If I could only speak, I’d be able to leave behind this locked-in existence. I’d tell my parents that their son is a fighter. I’d thank the nurses and doctors for all the hard work it took to keep me going. I’d ask for a glass of water. I’d tell my physical therapist that I don’t like being awakened at six in the morning by having my chest tapped with her hand. I’d tell strangers in the hospital corridor who stare at me in fright to look away! I’d ask the nurse for a blanket whe
n I’m cold. I’d tell my parents to take me outside in a gurney or wheelchair.
Regaining the ability to talk is the key that will unlock my dungeon’s door. Yet whenever I try saying anything, no sound comes out. Even when I attempt to mouth words, no one understands what I want to say. Nurses and doctors always react with the same puzzled look.
Talking seems easy to do. Just exhale some air from your lungs, move your tongue and lips a little here and there, and you create syllables and, from there, words, and then entire sentences. I can’t even say “Daddy” or “Mama” like most one-year-olds. How long will I remain voiceless? The rest of my life? Why can’t anyone hear me?
CHAPTER 11
“HELLO”
I’m in the angry chair when the nurse named Debbie comes into my room.
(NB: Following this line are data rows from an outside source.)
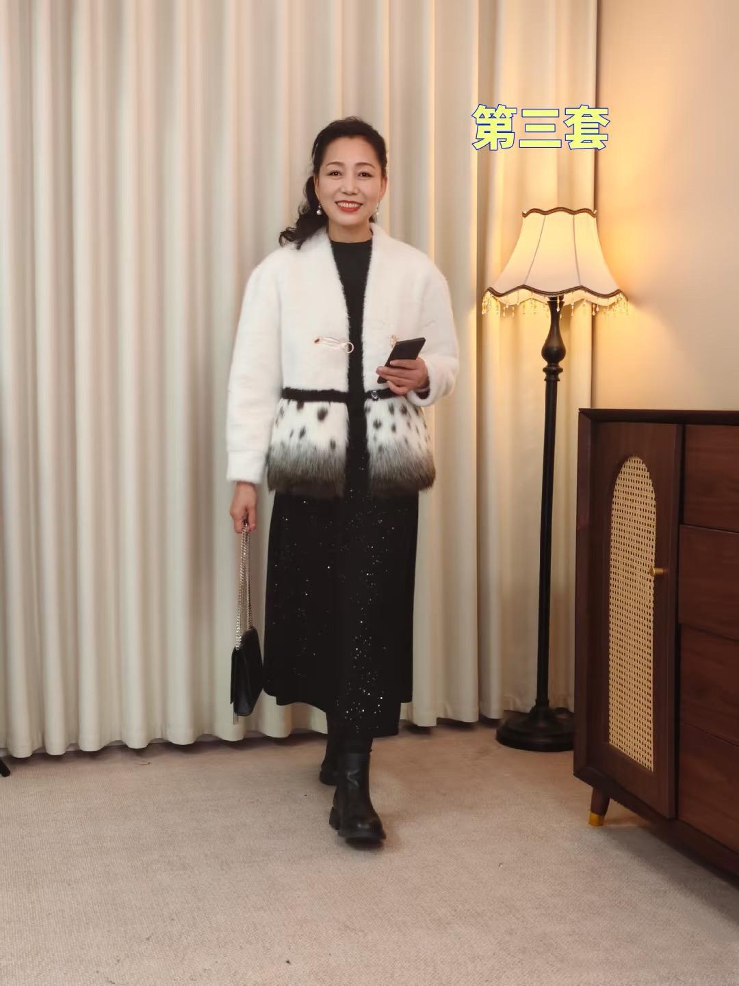 一組比較保暖的穿搭,毛絨外套自帶貴氣感,黑白的撞色也很顯瘦。剛好在腰線下方做了黑色元素,還有一種自帶腰線的效果,顯高又優化比例。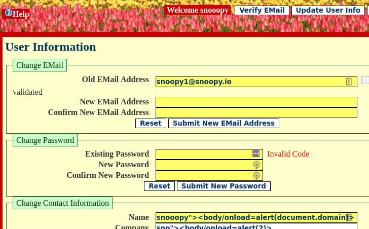 It is possible to inject malicious JavaScript into the name parameter of a user profile.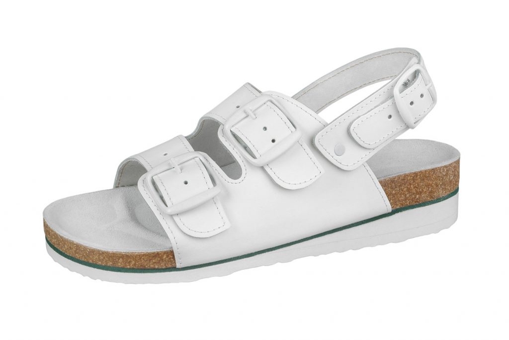 Zdravotní obuv dámská sandále S3K Extrém je velice známá a lehká pracovní obuv na novém typu korkové stélky, se svrškem obuvi a stélkou z přírodní usně, stélka s novou konstrukcí, dík které nepraská a je hloubkově měkčená, zelená mezipodešev tlumí nárazy při chůzi, podešev Extrém s protikluzným účinkem SRA.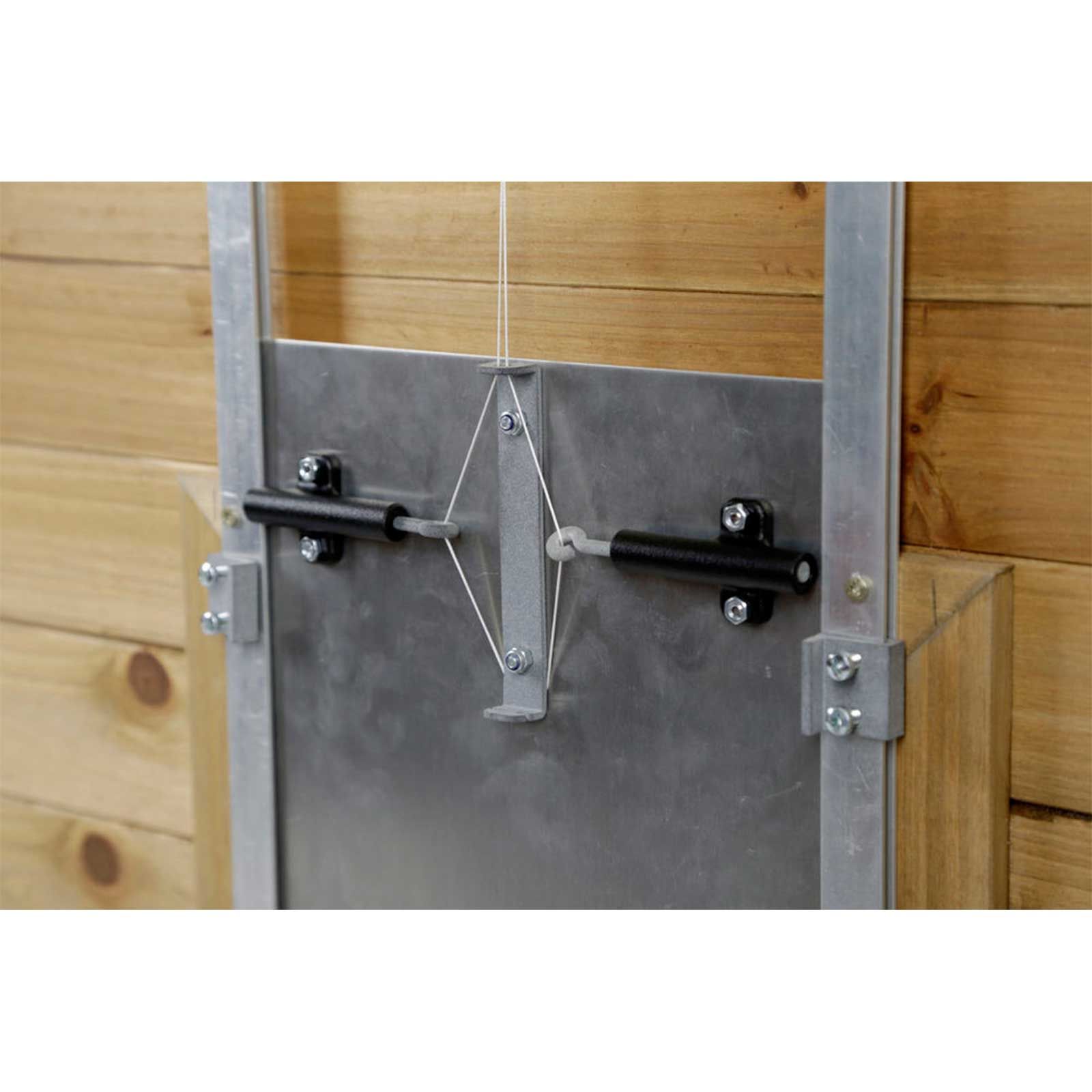 Mit diesem Nachrüstsatz für den Schieber der automatischen Hühnerklappe haben Fuchs, Waschbären & Co. keine Chance mehr. Bei Erreichen des unteren Anschlags verriegeln Bolzen die Türe. Der Schieber kann nun nicht mehr angehoben werden und die Tiere sind sicher vor potentiellen Angreifern.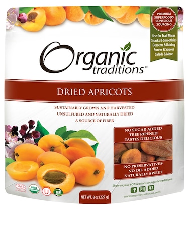 - Apricots have been eaten by traditional cultures around the world for centuries. It is said that the earliest cultivation of apricots dates back to 3000 B.C. Organic Traditions offers the finest Certified Organic, Kosher and unsulfured apricots. They are vine ripened to ensure the highest concentration of both nutritional vibrancy and flavor and then naturally dried to a soft, deliciously chewy texture. As a source of Fiber they can be easily incorporated into ones daily nutritional program for optimal health benefits. Whole dried apricots with a delicious taste Naturally dried Great source of fiber

She says that she is going to try to get me to speak. I blink to let her know that I understand, and I blink again with a faint smile to let her know that I’m excited. She is going to insert a small clear catheter into the hub of the tracheostomy tube at the base of my throat. This procedure will force me to cough, which is when I’m supposed to say something. It seems simple enough. I hope the process works.
The tube tickles and scrapes my throat. Rather than cough, I gag. My eyes begin to tear up, while my breathing turns heavy with the pain. I don’t want Debbie to try again; there has to be another way of getting me to speak. But she can’t know what I’m thinking, and so, with kind, motherly assurance, she places her hand on my chest to calm me down. Several minutes later, she reinserts the tube, and this time I’m able to stifle the gag reflex and make a faint gurgling noise.